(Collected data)
<<<<

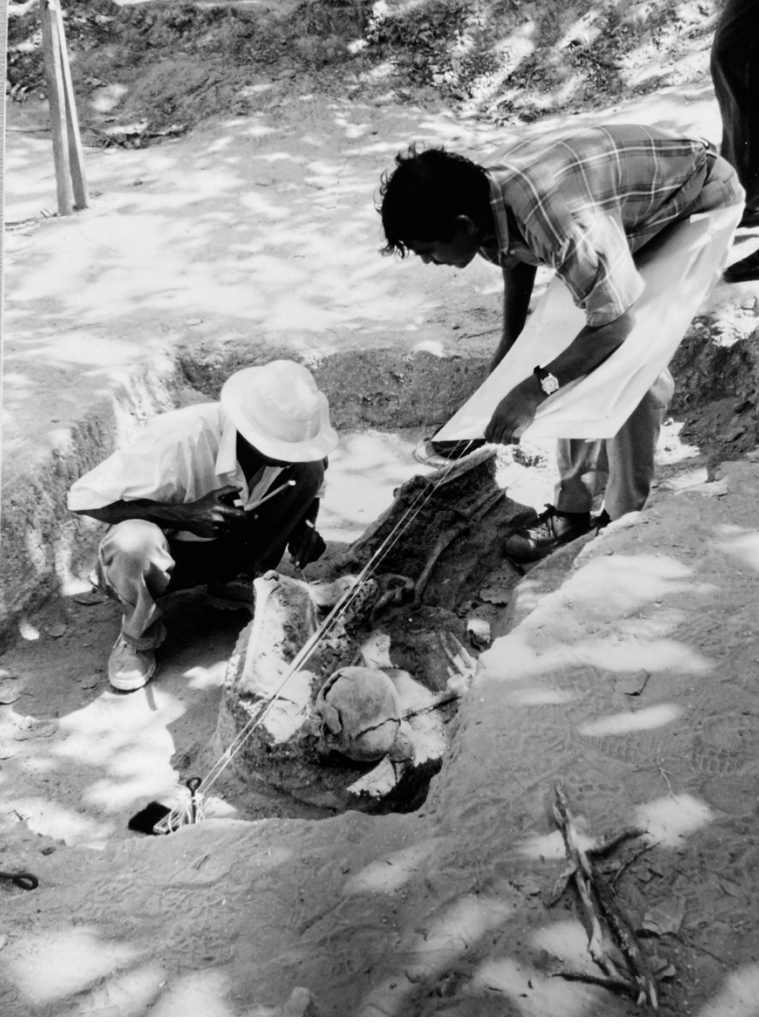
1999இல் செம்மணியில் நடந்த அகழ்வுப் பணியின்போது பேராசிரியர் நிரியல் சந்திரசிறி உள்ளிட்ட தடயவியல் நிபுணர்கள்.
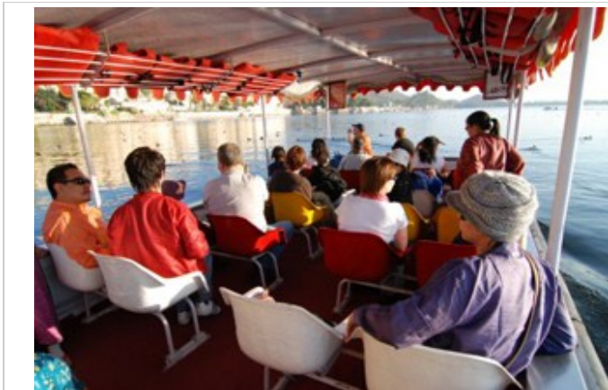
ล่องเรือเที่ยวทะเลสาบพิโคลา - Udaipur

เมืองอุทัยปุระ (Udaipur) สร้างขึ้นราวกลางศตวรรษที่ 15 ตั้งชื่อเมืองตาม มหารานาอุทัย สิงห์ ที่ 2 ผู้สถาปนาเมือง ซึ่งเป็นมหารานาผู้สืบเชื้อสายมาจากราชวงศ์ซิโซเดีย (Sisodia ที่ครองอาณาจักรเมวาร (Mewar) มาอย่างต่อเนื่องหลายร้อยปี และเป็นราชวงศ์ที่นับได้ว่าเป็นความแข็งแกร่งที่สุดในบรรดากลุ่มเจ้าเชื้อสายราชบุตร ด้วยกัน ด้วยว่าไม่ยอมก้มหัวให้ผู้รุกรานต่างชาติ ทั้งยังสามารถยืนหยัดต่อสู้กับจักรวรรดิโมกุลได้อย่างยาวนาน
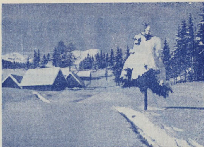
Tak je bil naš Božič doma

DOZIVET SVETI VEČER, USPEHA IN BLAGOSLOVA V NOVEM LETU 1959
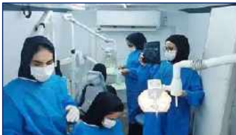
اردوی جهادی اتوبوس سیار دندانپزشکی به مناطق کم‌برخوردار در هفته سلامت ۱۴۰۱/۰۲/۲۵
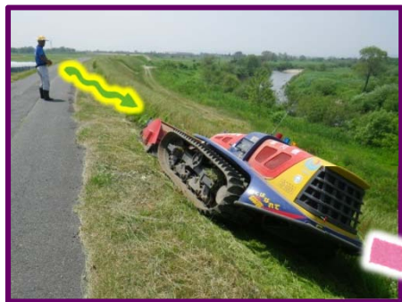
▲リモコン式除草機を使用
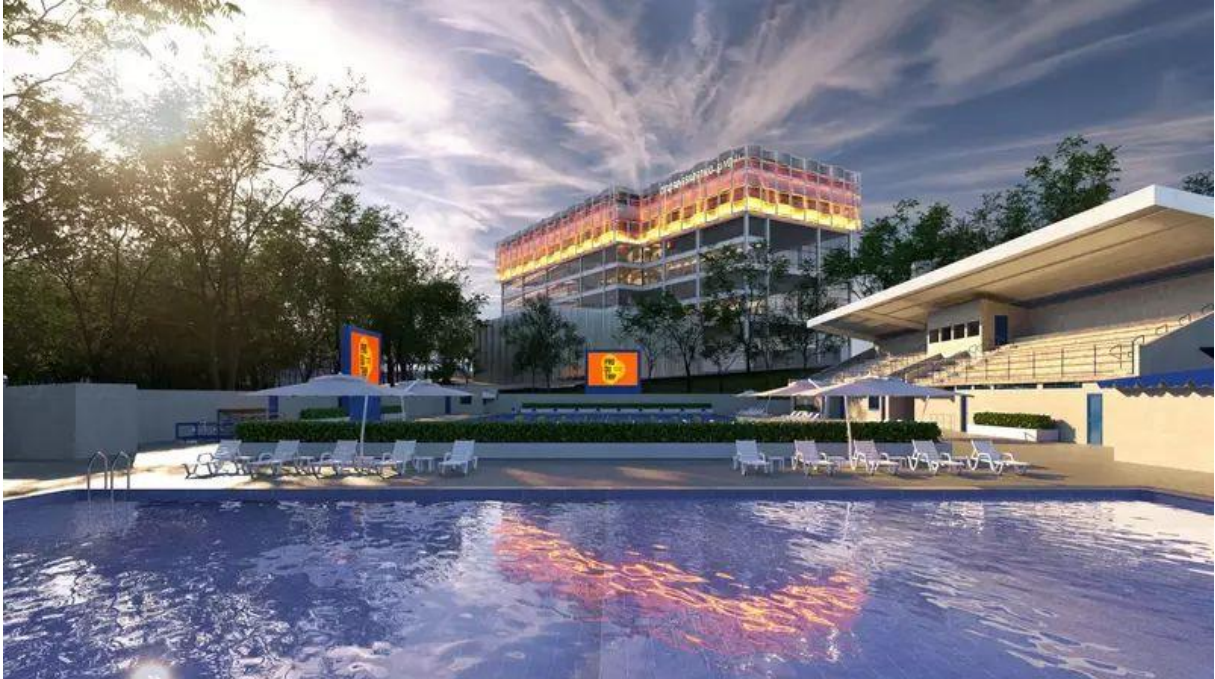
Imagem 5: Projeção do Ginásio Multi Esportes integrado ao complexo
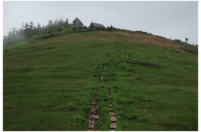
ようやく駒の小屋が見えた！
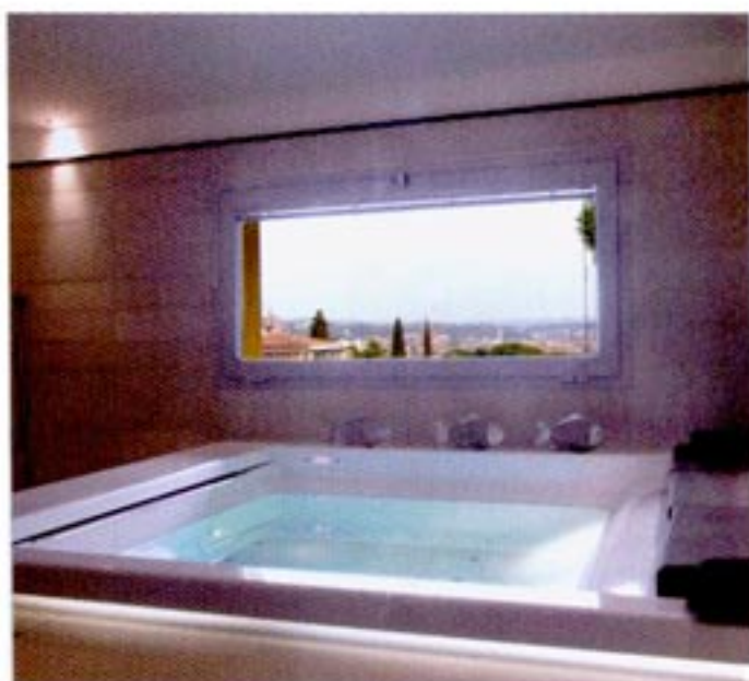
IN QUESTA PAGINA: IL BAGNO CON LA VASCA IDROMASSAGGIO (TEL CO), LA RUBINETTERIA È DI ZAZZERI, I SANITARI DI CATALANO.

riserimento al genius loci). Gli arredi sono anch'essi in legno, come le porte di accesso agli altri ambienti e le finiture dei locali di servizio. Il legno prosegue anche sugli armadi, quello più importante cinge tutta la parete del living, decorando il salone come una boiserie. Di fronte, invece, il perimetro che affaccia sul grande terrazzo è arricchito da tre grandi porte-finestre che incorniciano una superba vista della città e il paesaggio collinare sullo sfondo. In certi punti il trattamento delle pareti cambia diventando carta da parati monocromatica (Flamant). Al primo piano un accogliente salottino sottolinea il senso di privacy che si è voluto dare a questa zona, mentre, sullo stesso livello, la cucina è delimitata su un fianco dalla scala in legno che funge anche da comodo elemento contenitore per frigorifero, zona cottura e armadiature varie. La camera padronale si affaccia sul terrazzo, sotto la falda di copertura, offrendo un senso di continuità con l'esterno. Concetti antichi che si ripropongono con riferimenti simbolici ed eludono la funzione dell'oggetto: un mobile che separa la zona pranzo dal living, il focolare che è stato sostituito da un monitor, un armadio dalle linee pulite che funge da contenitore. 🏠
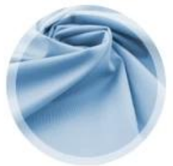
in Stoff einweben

>>>>

Directions for this task: Starting with the first line of the data above and ending with the line containing "IN QUESTA PAGINA: IL", please restate every line exactly, leaving images out.

Output of the exercise:
1999இல் செம்மணியில் நடந்த அகழ்வுப் பணியின்போது பேராசிரியர் நிரியல் சந்திரசிறி உள்ளிட்ட தடயவியல் நிபுணர்கள்.
ล่องเรือเที่ยวทะเลสาบพิโคลา - Udaipur

เมืองอุทัยปุระ (Udaipur) สร้างขึ้นราวกลางศตวรรษที่ 15 ตั้งชื่อเมืองตาม มหารานาอุทัย สิงห์ ที่ 2 ผู้สถาปนาเมือง ซึ่งเป็นมหารานาผู้สืบเชื้อสายมาจากราชวงศ์ซิโซเดีย (Sisodia ที่ครองอาณาจักรเมวาร (Mewar) มาอย่างต่อเนื่องหลายร้อยปี และเป็นราชวงศ์ที่นับได้ว่าเป็นความแข็งแกร่งที่สุดในบรรดากลุ่มเจ้าเชื้อสายราชบุตร ด้วยกัน ด้วยว่าไม่ยอมก้มหัวให้ผู้รุกรานต่างชาติ ทั้งยังสามารถยืนหยัดต่อสู้กับจักรวรรดิโมกุลได้อย่างยาวนาน
Tak je bil naš Božič doma

DOZIVET SVETI VEČER, USPEHA IN BLAGOSLOVA V NOVEM LETU 1959
اردوی جهادی اتوبوس سیار دندانپزشکی به مناطق کم‌برخوردار در هفته سلامت ۱۴۰۱/۰۲/۲۵
▲リモコン式除草機を使用
Imagem 5: Projeção do Ginásio Multi Esportes integrado ao complexo
ようやく駒の小屋が見えた！
IN QUESTA PAGINA: IL BAGNO CON LA VASCA IDROMASSAGGIO (TEL CO), LA RUBINETTERIA È DI ZAZZERI, I SANITARI DI CATALANO.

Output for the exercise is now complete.